Switch ext4 from the magic i_dio_count scheme to just hold i_rwsem
until the actual I/O has completed to reduce the locking complexity
and avoid nasty bugs due to missing inode_dio_wait calls.

Signed-off-by: Christoph Hellwig <hch@lst.de>
---
 fs/ext4/extents.c     | 12 ------------
 fs/ext4/file.c        | 21 +++++++++++++--------
 fs/ext4/inode.c       | 11 -----------
 fs/ext4/ioctl.c       |  5 -----
 fs/ext4/move_extent.c |  4 ----
 5 files changed, 13 insertions(+), 40 deletions(-)

diff --git a/fs/ext4/extents.c b/fs/ext4/extents.c
index 0e8708b77da6..b6aa2d249b30 100644
--- a/fs/ext4/extents.c
+++ b/fs/ext4/extents.c
@@ -4777,9 +4777,6 @@ static long ext4_zero_range(struct file *file, loff_t offset,
 	if (mode & FALLOC_FL_KEEP_SIZE)
 		flags |= EXT4_GET_BLOCKS_KEEP_SIZE;
 
-	/* Wait all existing dio workers, newcomers will block on i_mutex */
-	inode_dio_wait(inode);
-
 	/* Preallocate the range including the unaligned edges */
 	if (partial_begin || partial_end) {
 		ret = ext4_alloc_file_blocks(file,
@@ -4949,9 +4946,6 @@ long ext4_fallocate(struct file *file, int mode, loff_t offset, loff_t len)
 			goto out;
 	}
 
-	/* Wait all existing dio workers, newcomers will block on i_mutex */
-	inode_dio_wait(inode);
-
 	ret = ext4_alloc_file_blocks(file, lblk, max_blocks, new_size, flags);
 	if (ret)
 		goto out;
@@ -5525,9 +5519,6 @@ int ext4_collapse_range(struct inode *inode, loff_t offset, loff_t len)
 		goto out_mutex;
 	}
 
-	/* Wait for existing dio to complete */
-	inode_dio_wait(inode);
-
 	/*
 	 * Prevent page faults from reinstantiating pages we have released from
 	 * page cache.
@@ -5678,9 +5669,6 @@ int ext4_insert_range(struct inode *inode, loff_t offset, loff_t len)
 		goto out_mutex;
 	}
 
-	/* Wait for existing dio to complete */
-	inode_dio_wait(inode);
-
 	/*
 	 * Prevent page faults from reinstantiating pages we have released from
 	 * page cache.
diff --git a/fs/ext4/file.c b/fs/ext4/file.c
index 08b603d0c638..b3410a3ede27 100644
--- a/fs/ext4/file.c
+++ b/fs/ext4/file.c
@@ -74,9 +74,10 @@ static ssize_t ext4_dio_read_iter(struct kiocb *iocb, struct iov_iter *to)

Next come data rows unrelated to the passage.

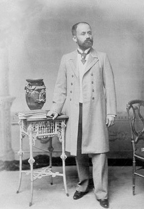 Photo of Cipriano Castro, appeared at Chicago Daily News in 1902.
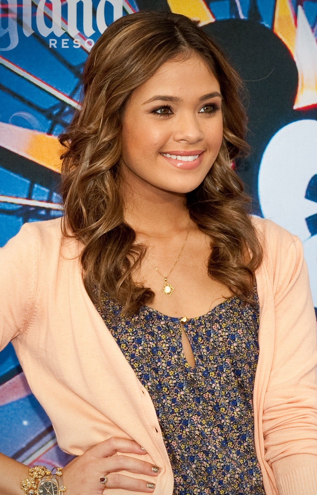 Nicole Anderson at the World of Color permiere at Disney California Adventure Park in June
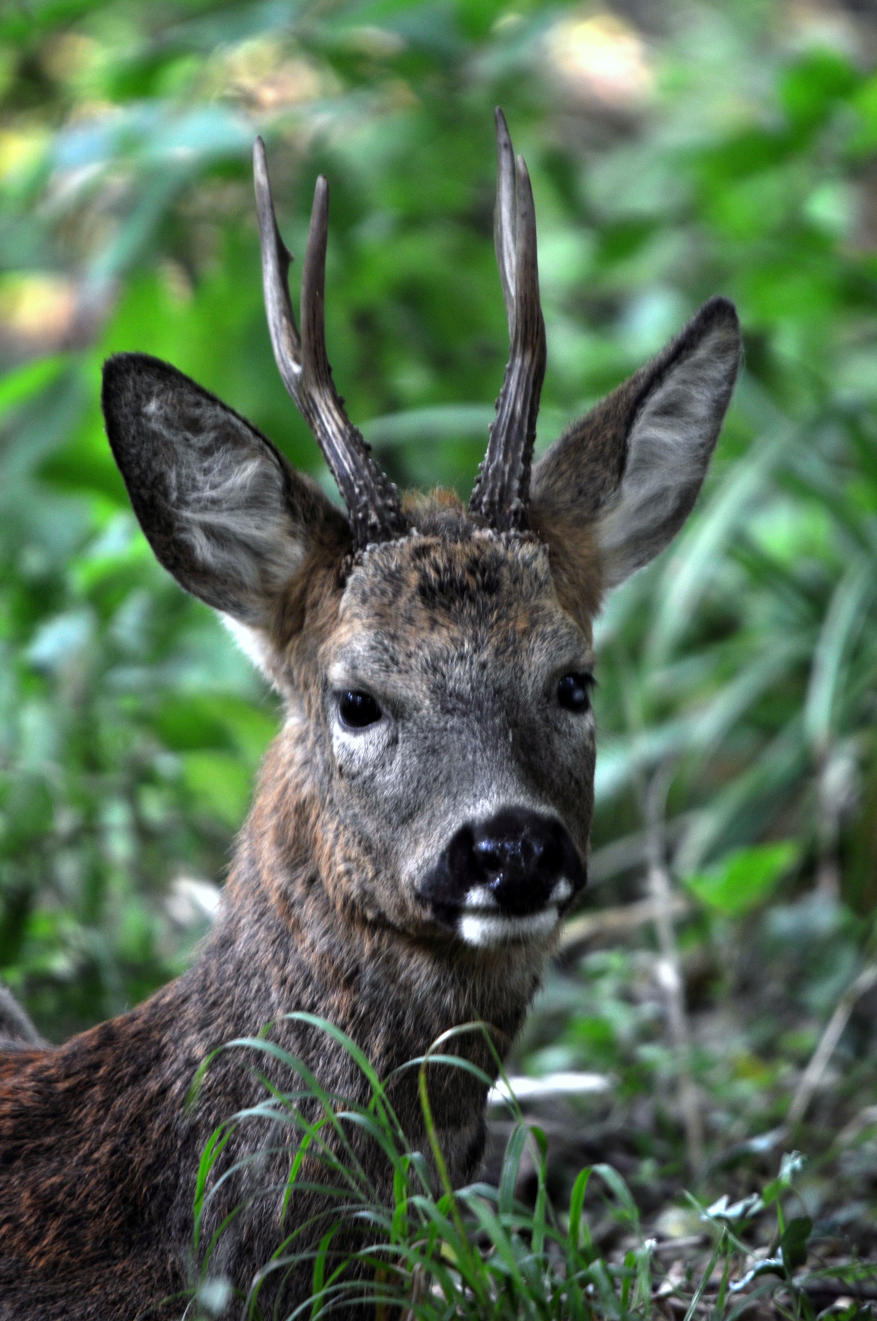 roe buck local woods Mansbridge
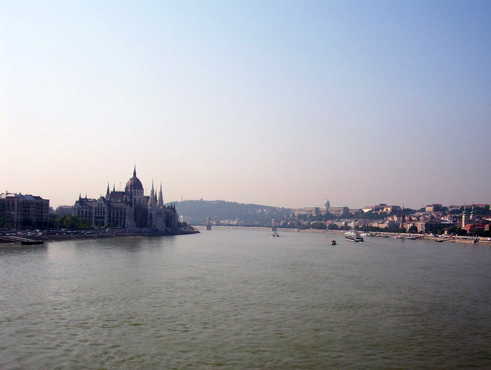 Budapest with the Danube in foreground, looking south from Margit Bridge.
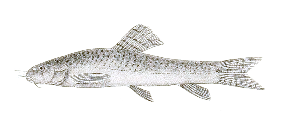 The species names / identity need verification - original names from plate are included here. The original plates showed the fishes facing right and have been flipped here. Nemacheilus semiarmatus
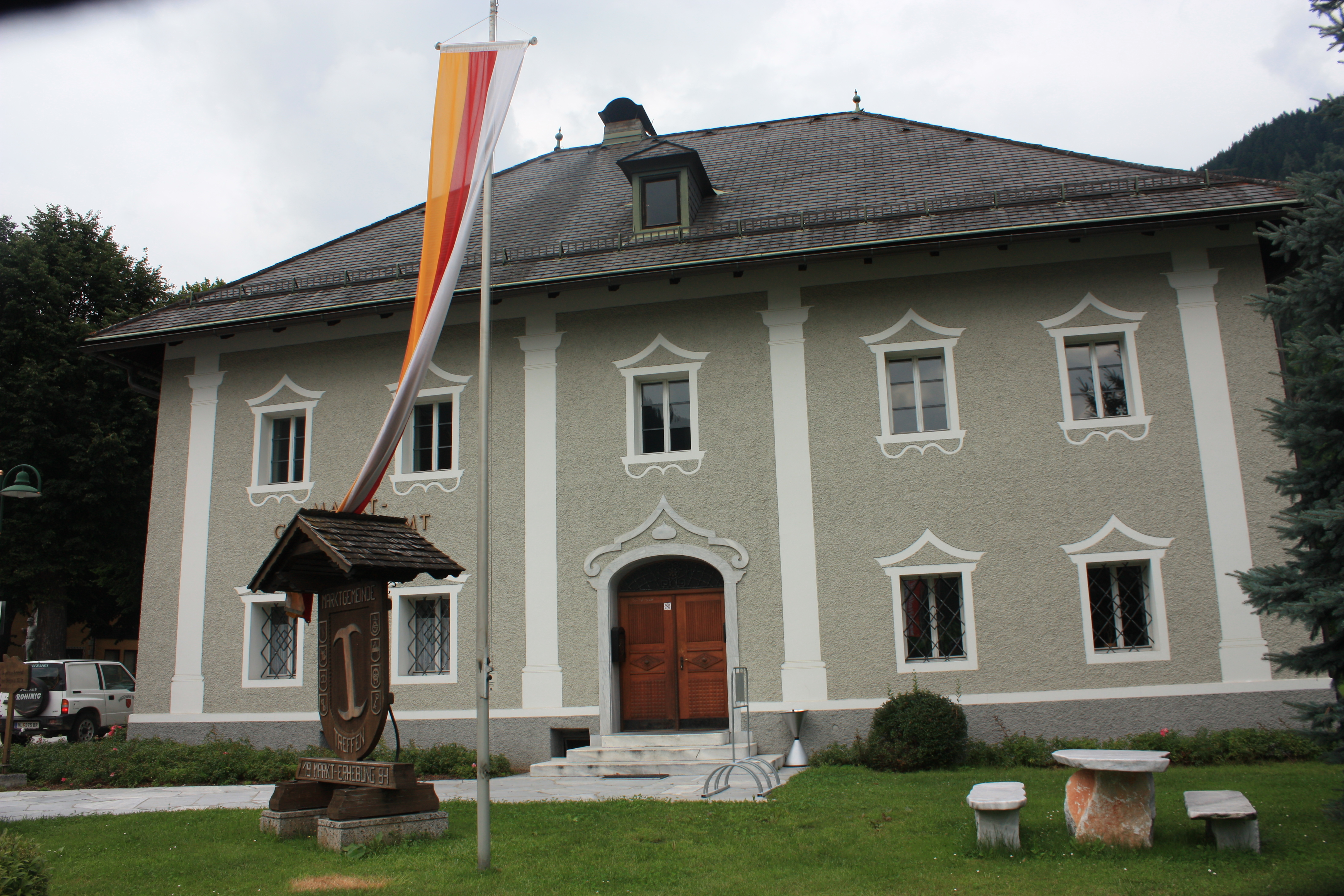 Municipal hall Locality:Treffen Community:Treffen

 		return generic_file_read_iter(iocb, to);
 	}
 
-	ret = iomap_dio_rw(iocb, to, &ext4_iomap_ops, NULL, 0);
-	inode_unlock_shared(inode);
-
+	ret = iomap_dio_rw(iocb, to, &ext4_iomap_ops, NULL,
+			   IOMAP_DIO_RWSEM_SHARED);
+	if (ret != -EIOCBQUEUED)
+		inode_unlock_shared(inode);
 	file_accessed(iocb->ki_filp);
 	return ret;
 }
@@ -405,7 +406,6 @@ static ssize_t ext4_dio_write_iter(struct kiocb *iocb, struct iov_iter *from)
 	    !is_sync_kiocb(iocb) && ext4_unaligned_aio(inode, from, offset)) {
 		unaligned_aio = true;
 		dio_flags |= IOMAP_DIO_SYNCHRONOUS;
-		inode_dio_wait(inode);
 	}
 
 	/*
@@ -416,7 +416,10 @@ static ssize_t ext4_dio_write_iter(struct kiocb *iocb, struct iov_iter *from)
 	if (!unaligned_aio && ext4_overwrite_io(inode, offset, count) &&
 	    ext4_should_dioread_nolock(inode)) {
 		overwrite = true;
+		dio_flags |= IOMAP_DIO_RWSEM_SHARED;
 		downgrade_write(&inode->i_rwsem);
+	} else {
+		dio_flags |= IOMAP_DIO_RWSEM_EXCL;
 	}
 
 	if (offset + count > EXT4_I(inode)->i_disksize) {
@@ -444,10 +447,12 @@ static ssize_t ext4_dio_write_iter(struct kiocb *iocb, struct iov_iter *from)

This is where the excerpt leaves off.